**Provided records:**
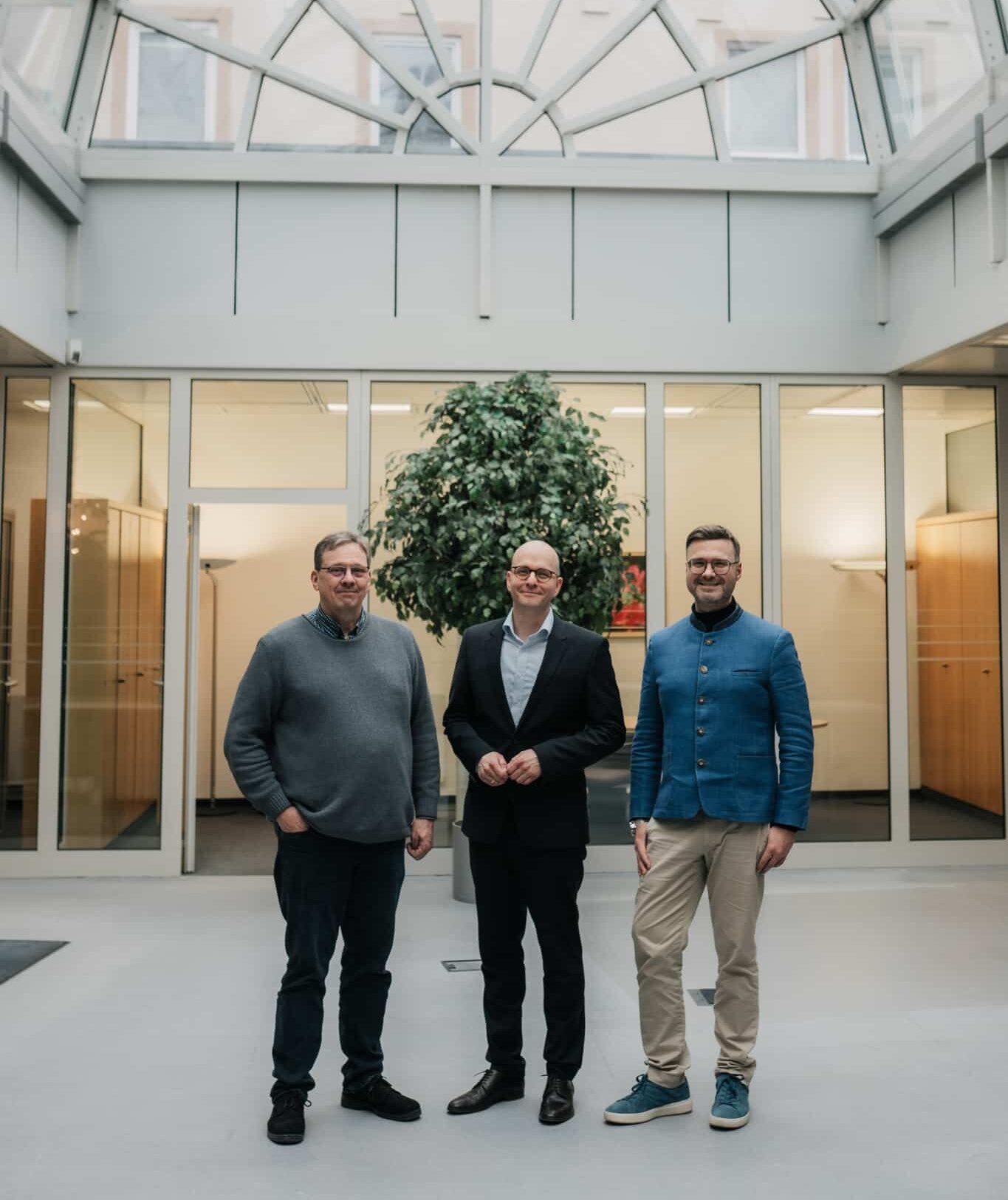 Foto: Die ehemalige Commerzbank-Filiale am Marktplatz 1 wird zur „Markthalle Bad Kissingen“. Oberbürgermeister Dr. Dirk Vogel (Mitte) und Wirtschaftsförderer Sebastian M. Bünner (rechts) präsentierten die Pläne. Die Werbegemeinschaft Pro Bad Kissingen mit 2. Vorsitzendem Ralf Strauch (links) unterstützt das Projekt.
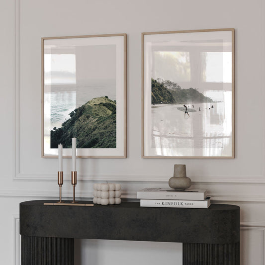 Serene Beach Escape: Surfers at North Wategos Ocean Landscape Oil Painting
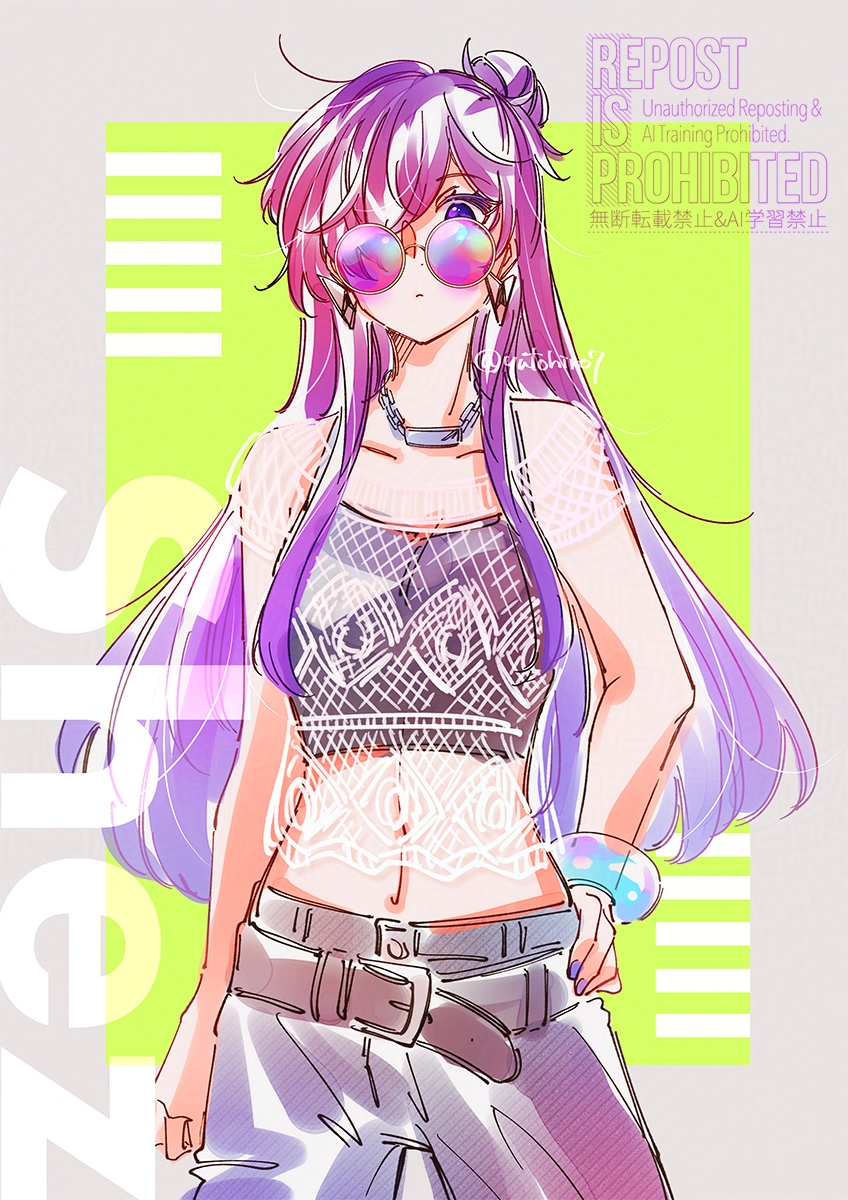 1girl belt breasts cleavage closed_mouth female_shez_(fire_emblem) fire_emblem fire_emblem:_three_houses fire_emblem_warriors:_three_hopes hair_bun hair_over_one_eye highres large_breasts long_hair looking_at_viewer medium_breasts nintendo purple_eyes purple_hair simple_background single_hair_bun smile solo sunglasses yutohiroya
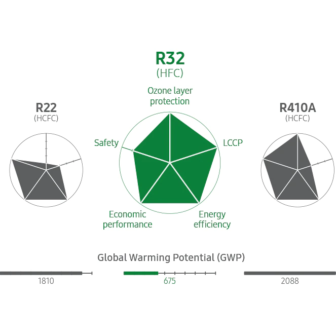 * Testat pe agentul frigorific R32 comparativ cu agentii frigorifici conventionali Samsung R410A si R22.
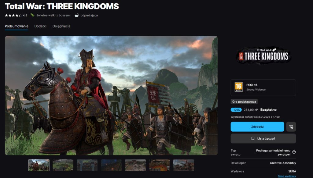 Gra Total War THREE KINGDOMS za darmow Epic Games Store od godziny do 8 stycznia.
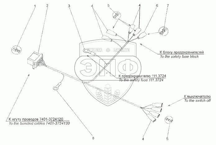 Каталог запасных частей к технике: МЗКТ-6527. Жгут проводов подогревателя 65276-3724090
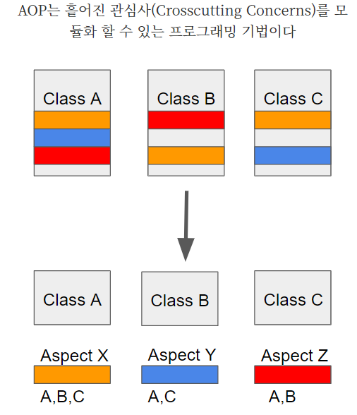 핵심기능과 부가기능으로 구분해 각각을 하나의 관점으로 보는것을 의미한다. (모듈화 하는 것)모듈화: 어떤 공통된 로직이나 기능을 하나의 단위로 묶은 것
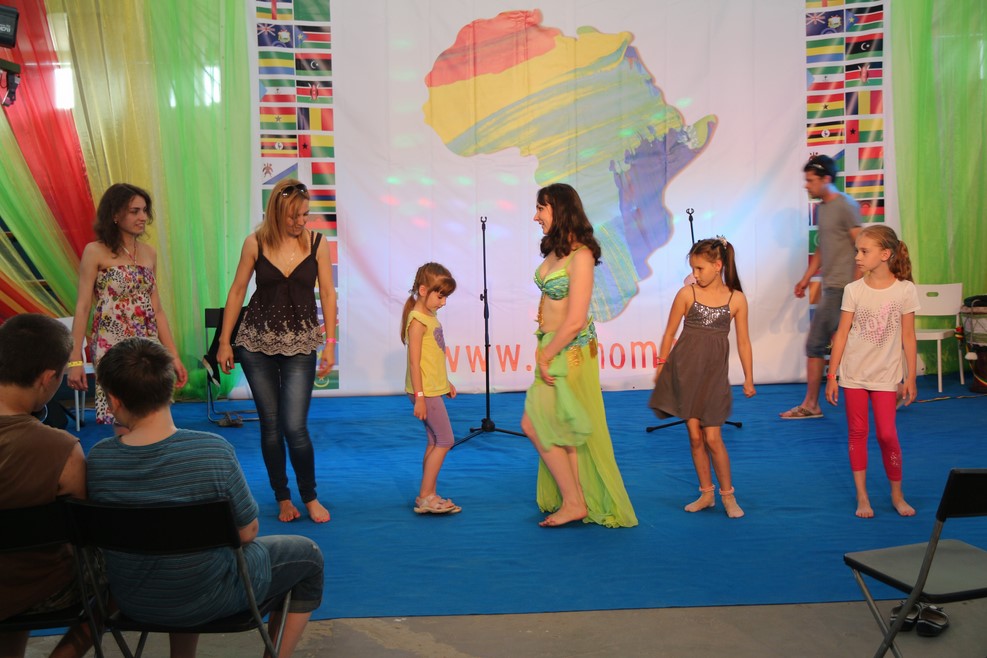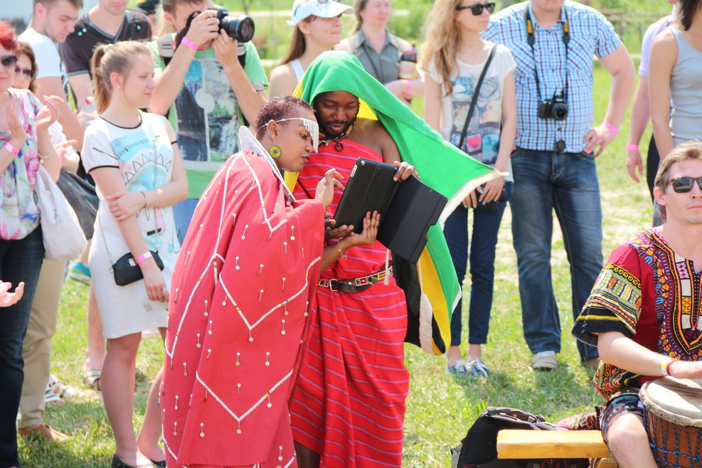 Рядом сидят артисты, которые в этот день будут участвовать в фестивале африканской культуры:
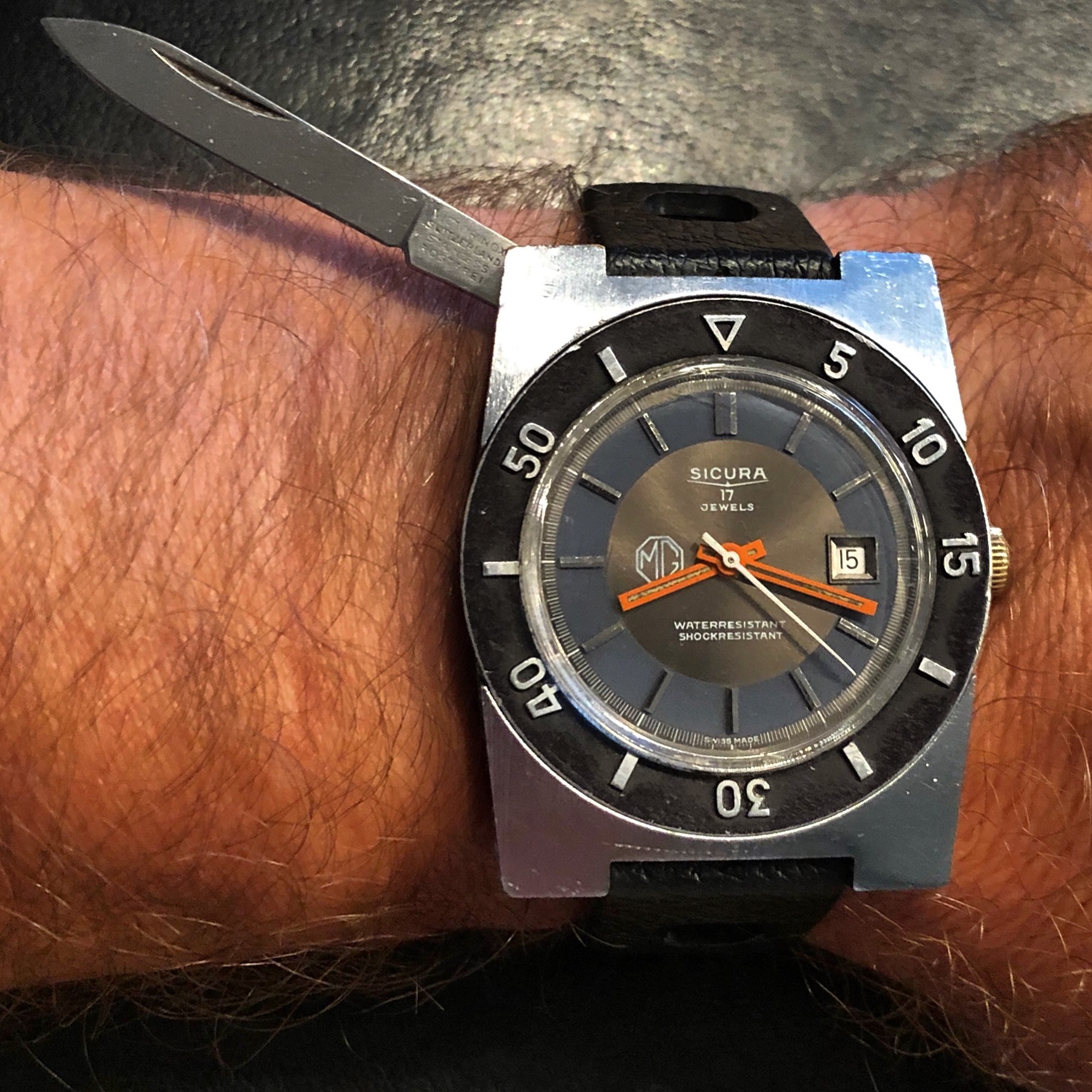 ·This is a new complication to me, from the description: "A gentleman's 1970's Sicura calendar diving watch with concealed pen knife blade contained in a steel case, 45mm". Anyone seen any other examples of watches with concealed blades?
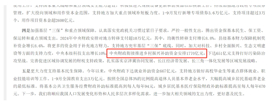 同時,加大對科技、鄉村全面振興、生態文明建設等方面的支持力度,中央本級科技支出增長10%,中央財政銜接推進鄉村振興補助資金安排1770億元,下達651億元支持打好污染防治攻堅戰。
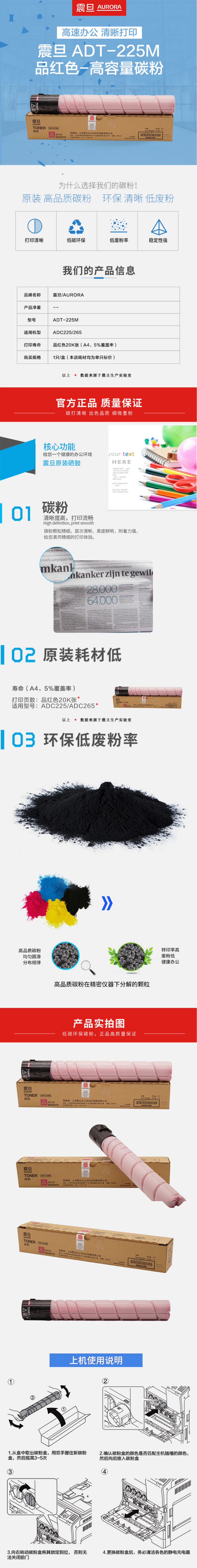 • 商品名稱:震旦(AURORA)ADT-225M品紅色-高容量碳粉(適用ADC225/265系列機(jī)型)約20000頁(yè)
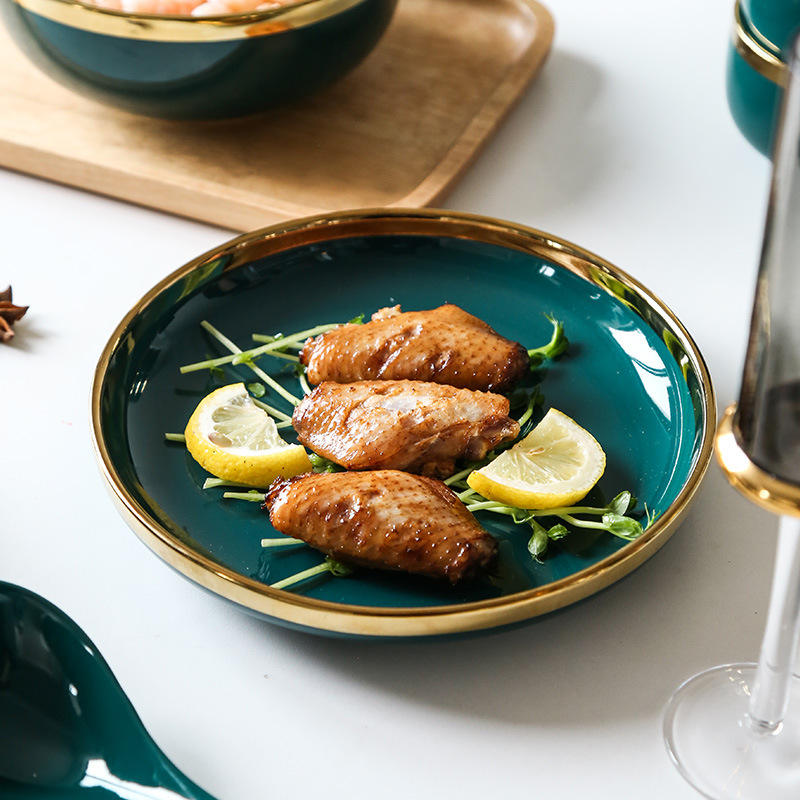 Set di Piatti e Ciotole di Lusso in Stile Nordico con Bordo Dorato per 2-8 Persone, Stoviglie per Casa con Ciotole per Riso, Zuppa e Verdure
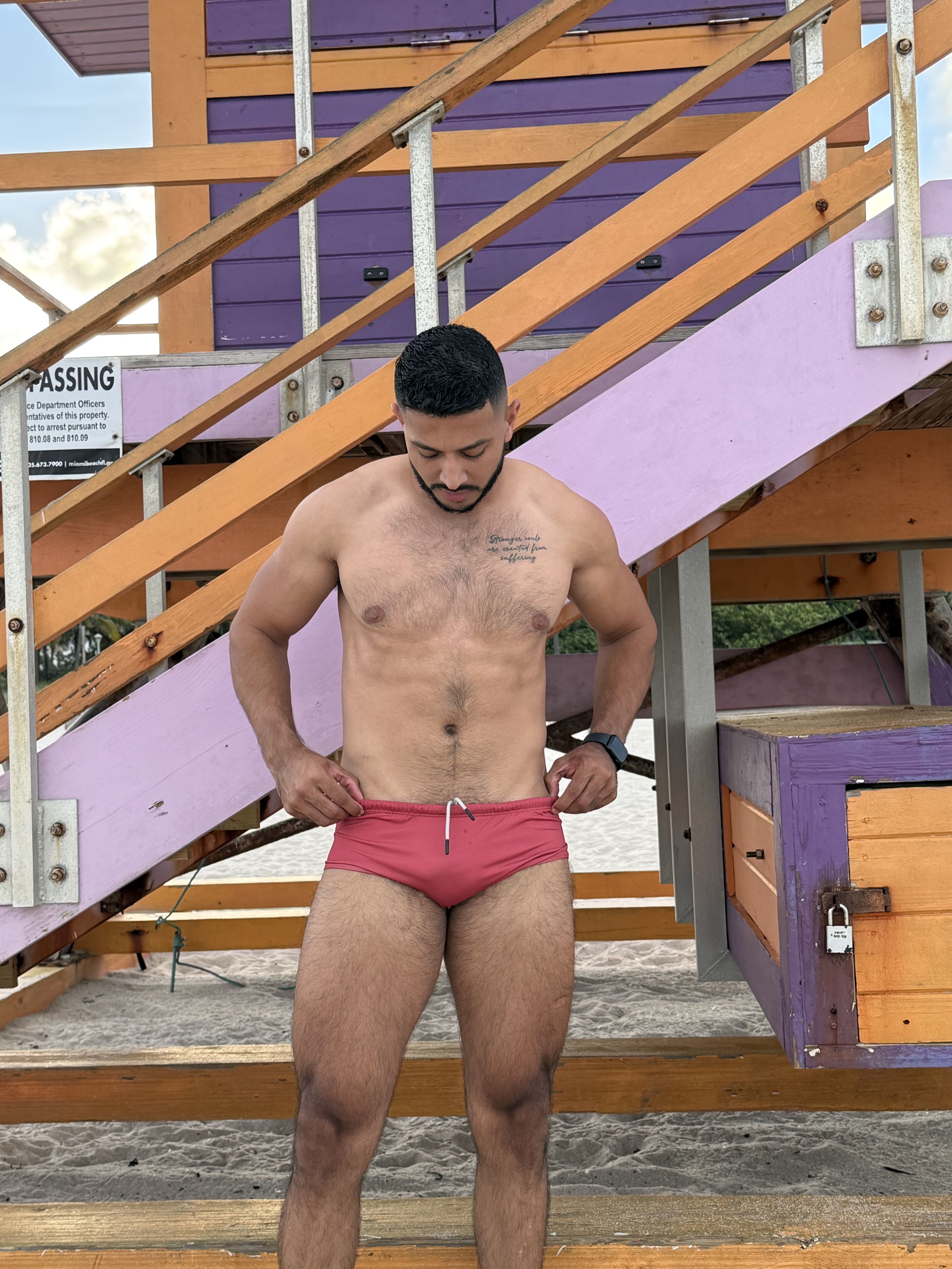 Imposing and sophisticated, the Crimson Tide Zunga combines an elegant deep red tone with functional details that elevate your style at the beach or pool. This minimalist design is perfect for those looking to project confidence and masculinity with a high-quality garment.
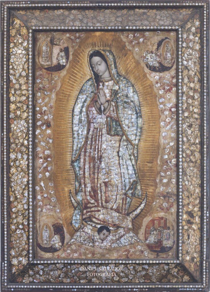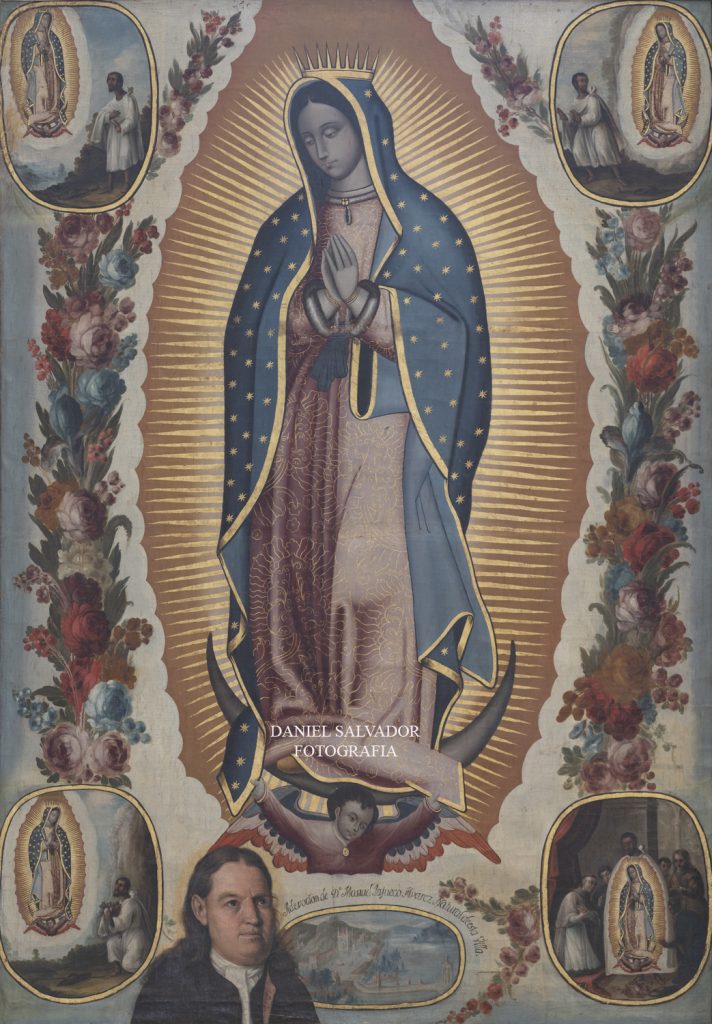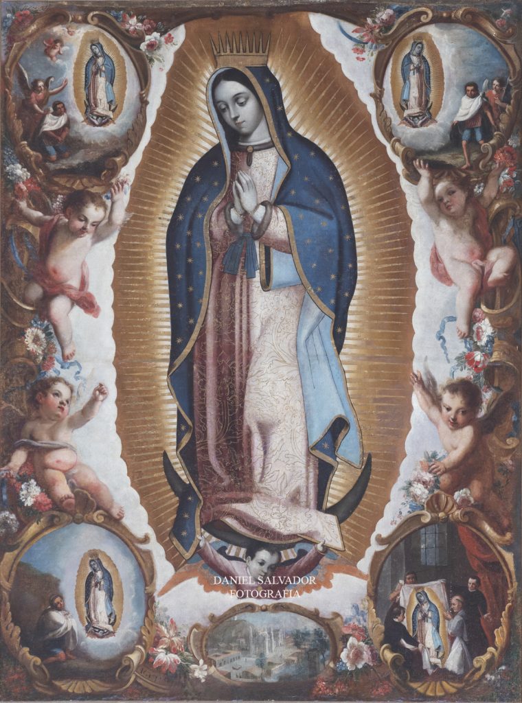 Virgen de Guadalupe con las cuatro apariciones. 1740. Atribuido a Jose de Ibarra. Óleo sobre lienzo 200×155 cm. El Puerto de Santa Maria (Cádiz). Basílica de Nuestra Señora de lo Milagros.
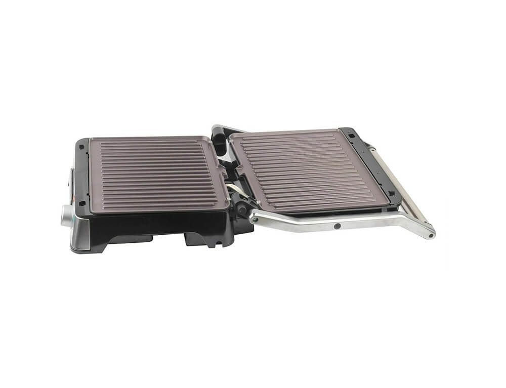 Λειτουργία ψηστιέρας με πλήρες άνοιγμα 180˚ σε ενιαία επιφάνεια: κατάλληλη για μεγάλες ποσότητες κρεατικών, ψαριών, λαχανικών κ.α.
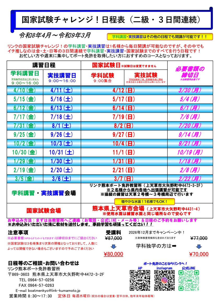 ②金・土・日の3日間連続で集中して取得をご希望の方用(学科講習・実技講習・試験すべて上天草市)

**Exercise aim:**
Take the material above from its first line through the line holding "Set di Piatti" and set it down exactly, without the pictures.

**Result of the exercise:**
 Foto: Die ehemalige Commerzbank-Filiale am Marktplatz 1 wird zur „Markthalle Bad Kissingen“. Oberbürgermeister Dr. Dirk Vogel (Mitte) und Wirtschaftsförderer Sebastian M. Bünner (rechts) präsentierten die Pläne. Die Werbegemeinschaft Pro Bad Kissingen mit 2. Vorsitzendem Ralf Strauch (links) unterstützt das Projekt.
 Serene Beach Escape: Surfers at North Wategos Ocean Landscape Oil Painting
 1girl belt breasts cleavage closed_mouth female_shez_(fire_emblem) fire_emblem fire_emblem:_three_houses fire_emblem_warriors:_three_hopes hair_bun hair_over_one_eye highres large_breasts long_hair looking_at_viewer medium_breasts nintendo purple_eyes purple_hair simple_background single_hair_bun smile solo sunglasses yutohiroya
 * Testat pe agentul frigorific R32 comparativ cu agentii frigorifici conventionali Samsung R410A si R22.
 Gra Total War THREE KINGDOMS za darmow Epic Games Store od godziny do 8 stycznia.
 Каталог запасных частей к технике: МЗКТ-6527. Жгут проводов подогревателя 65276-3724090
 핵심기능과 부가기능으로 구분해 각각을 하나의 관점으로 보는것을 의미한다. (모듈화 하는 것)모듈화: 어떤 공통된 로직이나 기능을 하나의 단위로 묶은 것
 Рядом сидят артисты, которые в этот день будут участвовать в фестивале африканской культуры:
 ·This is a new complication to me, from the description: "A gentleman's 1970's Sicura calendar diving watch with concealed pen knife blade contained in a steel case, 45mm". Anyone seen any other examples of watches with concealed blades?
 同時,加大對科技、鄉村全面振興、生態文明建設等方面的支持力度,中央本級科技支出增長10%,中央財政銜接推進鄉村振興補助資金安排1770億元,下達651億元支持打好污染防治攻堅戰。
 • 商品名稱:震旦(AURORA)ADT-225M品紅色-高容量碳粉(適用ADC225/265系列機(jī)型)約20000頁(yè)
 Set di Piatti e Ciotole di Lusso in Stile Nordico con Bordo Dorato per 2-8 Persone, Stoviglie per Casa con Ciotole per Riso, Zuppa e Verdure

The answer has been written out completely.